Translation regulation of specific mRNAs by RPS26 C-terminal RNA-binding tail integrates energy metabolism and AMPK-mTOR signaling

Increasing evidence suggests that ribosome composition and modifications contribute to translation control. Much less is known about the regulatory roles of mRNA binding by ribosomal proteins to specific mRNA translation and ribosome specialization. Here we used CRISPR-Cas9, to mutate the RPS26 C-terminal tail (RPS26dC) predicted to bind AUG upstream nucleotides at the exit channel. RPS26 binding to positions -10 to -16 of short 5'UTR mRNAs exerts positive and negative effects on translation directed by Kozak and TISU, respectively. Consistent with that, shortening the 5'UTR from 16 to 10 nt diminished Kozak and enhanced TISU-driven translation. As TISU is resistant and Kozak is sensitive to energy stress, we examined stress responses and found that the RPS26dC mutation confers resistance to glucose starvation and mTOR inhibition.
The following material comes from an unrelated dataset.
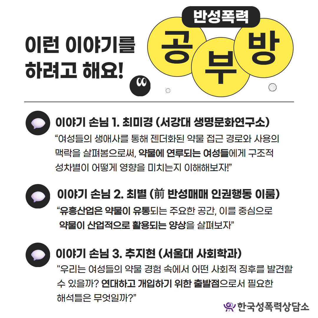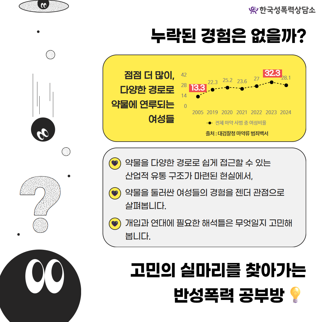 이번 <반성폭력 공부방>에서는 약물, 성차별 구조, 성폭력이 교차하는 지점에서 여성들의 경험을 들여다봅니다. 이를 통해 젠더화된 약물 유입 경로와 경험의 해석 방식을 짚고, 그 위에서 연대와 개입의 새로운 기반을 함께 모색해봅니다🤝

Furthermore, the basal mTOR activity is reduced while AMPK is activated in RPS26dC cells, mirroring energy-deprived WT cells. Likewise, the translatome of RPS26dC cells is correlated to glucose-starved WT cells. Our findings uncover the central roles of RPS26 C-terminal RNA binding in energy metabolism, in the translation of mRNAs bearing specific features and in the translation tolerance of TISU genes to energy stress. Overall design: We used CRISPR-Cas9 mediated mutagenesis in mammalian cells to delete endogenous RPS26 C terminus (RPS26dC cells). For global translation analysis, the collected samples were merged to create the Light (2-5 ribosomes) and Heavy (6+ ribosomes) translated fractions. Equivalent RNA concentrations of Input, Light and Heavy translated ribosome were taken for the library preparation for MARS-Seq.